[Collected material Boundary: Start]

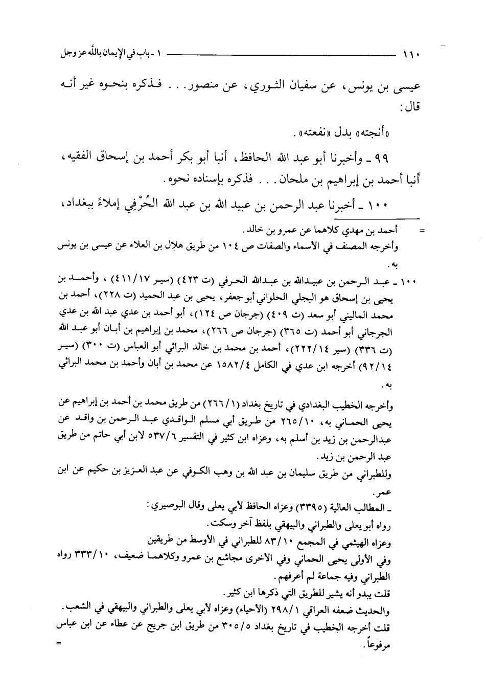 100 - أخبرنا عبد الرحمن بن عبيد الله الحرفي إملاء ببغداد ثنا حبيب بن الحسن القزاز ثنا أبو جعفر بن يحيى بن إسحاق الحلواني ثنا يحيى ـ يعني ابن عبد الحميد ـ
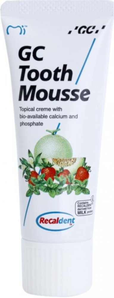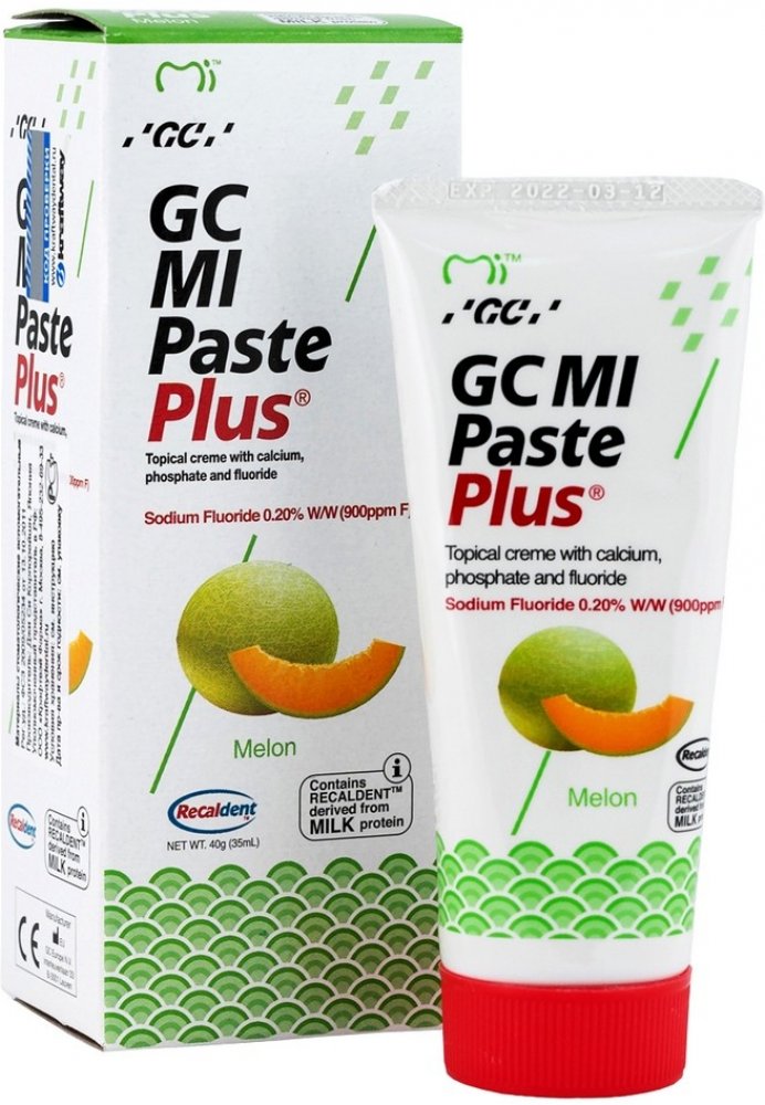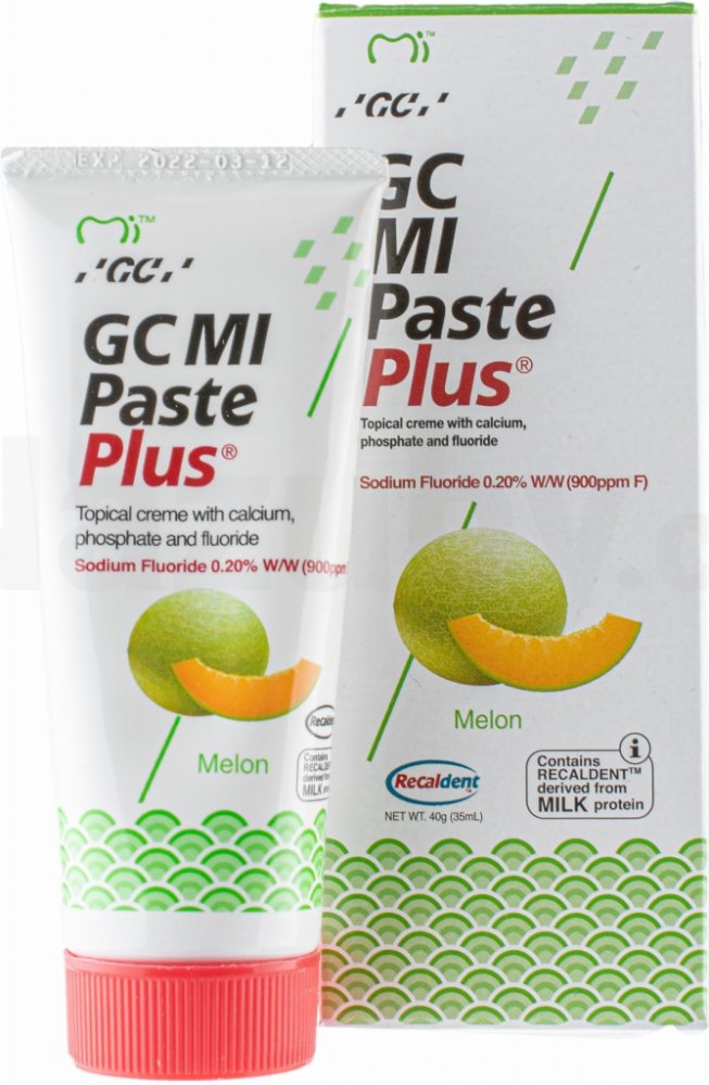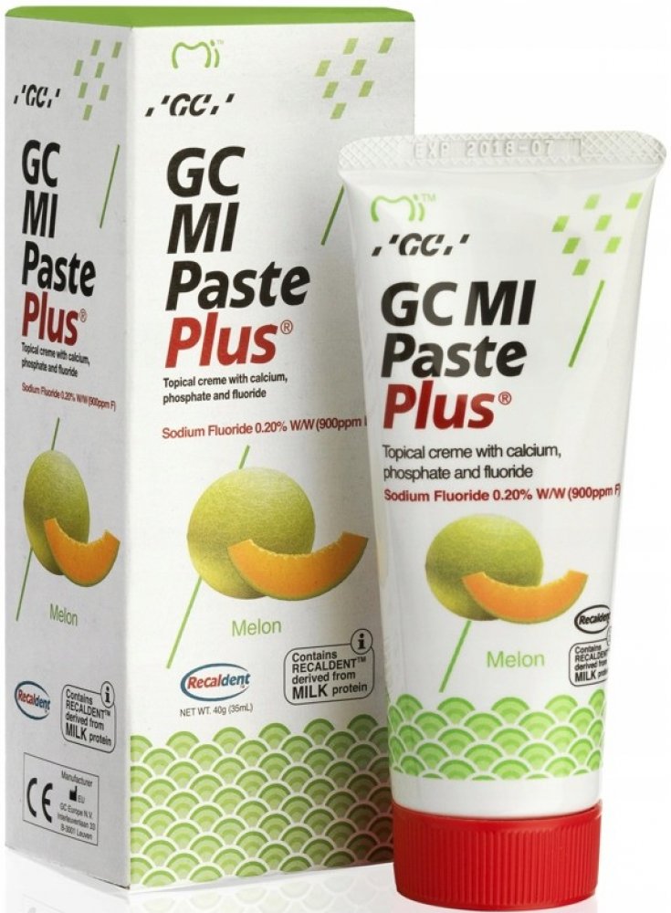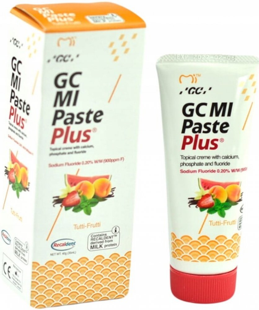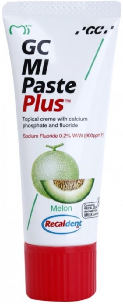 GC MI Paste Plus je topický dentální krém s obsahem vápníku, fosfátu a fluoridů. Používá se ke zvýšení pevnosti, odolnosti a zdraví zubů. Vhodné pro pacienty s rozsáhlým zubním kazem a zvýšenou abrazí zubů. Dodává zubům potřebné látky k remineralizaci povrchu zubů. Je velice účinný a zubaři také hojně doporučovaný, protože obsahuje RECALDENT™ (CPP-ACP), speciální protein získávaný z mléka, který pomáhá při nahrazování ztracených minerálů v zubech, takže jim zabraňuje v erozi a následném rozpadu.
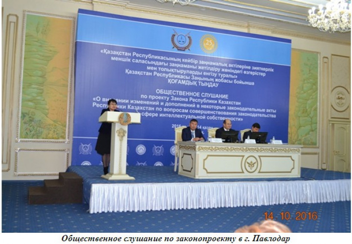 14 октября т.г. в г. Павлодар состоялось Общественное слушание по проекту Закона Республики Казахстан «О внесении изменений и дополнений в некоторые законодательные акты Республики Казахстан по вопросам совершенствования законодательства в сфере интеллектуальной собственности», организованное Министерством юстиции РК.
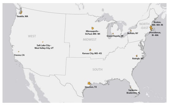 To select study areas, we first classified all of the U.S. Census Urban Areas into 12 categories defined by three different population sizes (more than 2 million, more than 1 million and less than 2 million, and more than 0.5 million and less than 1 million) and four U.S. regions (West, South, Midwest, and Northeast). As urban agglomerations with a continuously built-up area (also called metropolitan areas) commonly consist of at least a population of 0.5 million or higher [], we used this number as the lowest threshold and created categories enabling a selection urban regions of various sizes. Then, we selected one urban area from each of the 12 categories to obtain a geographically dispersed sample across the country. The 12 urban areas included in the sample also represent various population sizes (from 5.6 million in Houston, TX, to 0.6 million in Grand Rapids, MI), average temperatures (from 7.5 °C in Minneapolis-St. Paul, MN, to 23.5 °C in Sarasota-Bradenton, FL), and annual precipitations (from 8.7 inches in Fresno, CA, to 65.5 inches in Providence, RI-MA). These diverse characteristics both enhance the generalizability of our findings and allow for comparisons within the sample.

[Collected material Boundary: End]

The data must be reproduced exactly, and no picture may appear in the copy.

Solution to this problem ->
 100 - أخبرنا عبد الرحمن بن عبيد الله الحرفي إملاء ببغداد ثنا حبيب بن الحسن القزاز ثنا أبو جعفر بن يحيى بن إسحاق الحلواني ثنا يحيى ـ يعني ابن عبد الحميد ـ
 GC MI Paste Plus je topický dentální krém s obsahem vápníku, fosfátu a fluoridů. Používá se ke zvýšení pevnosti, odolnosti a zdraví zubů. Vhodné pro pacienty s rozsáhlým zubním kazem a zvýšenou abrazí zubů. Dodává zubům potřebné látky k remineralizaci povrchu zubů. Je velice účinný a zubaři také hojně doporučovaný, protože obsahuje RECALDENT™ (CPP-ACP), speciální protein získávaný z mléka, který pomáhá při nahrazování ztracených minerálů v zubech, takže jim zabraňuje v erozi a následném rozpadu.
 14 октября т.г. в г. Павлодар состоялось Общественное слушание по проекту Закона Республики Казахстан «О внесении изменений и дополнений в некоторые законодательные акты Республики Казахстан по вопросам совершенствования законодательства в сфере интеллектуальной собственности», организованное Министерством юстиции РК.
 To select study areas, we first classified all of the U.S. Census Urban Areas into 12 categories defined by three different population sizes (more than 2 million, more than 1 million and less than 2 million, and more than 0.5 million and less than 1 million) and four U.S. regions (West, South, Midwest, and Northeast). As urban agglomerations with a continuously built-up area (also called metropolitan areas) commonly consist of at least a population of 0.5 million or higher [], we used this number as the lowest threshold and created categories enabling a selection urban regions of various sizes. Then, we selected one urban area from each of the 12 categories to obtain a geographically dispersed sample across the country. The 12 urban areas included in the sample also represent various population sizes (from 5.6 million in Houston, TX, to 0.6 million in Grand Rapids, MI), average temperatures (from 7.5 °C in Minneapolis-St. Paul, MN, to 23.5 °C in Sarasota-Bradenton, FL), and annual precipitations (from 8.7 inches in Fresno, CA, to 65.5 inches in Providence, RI-MA). These diverse characteristics both enhance the generalizability of our findings and allow for comparisons within the sample.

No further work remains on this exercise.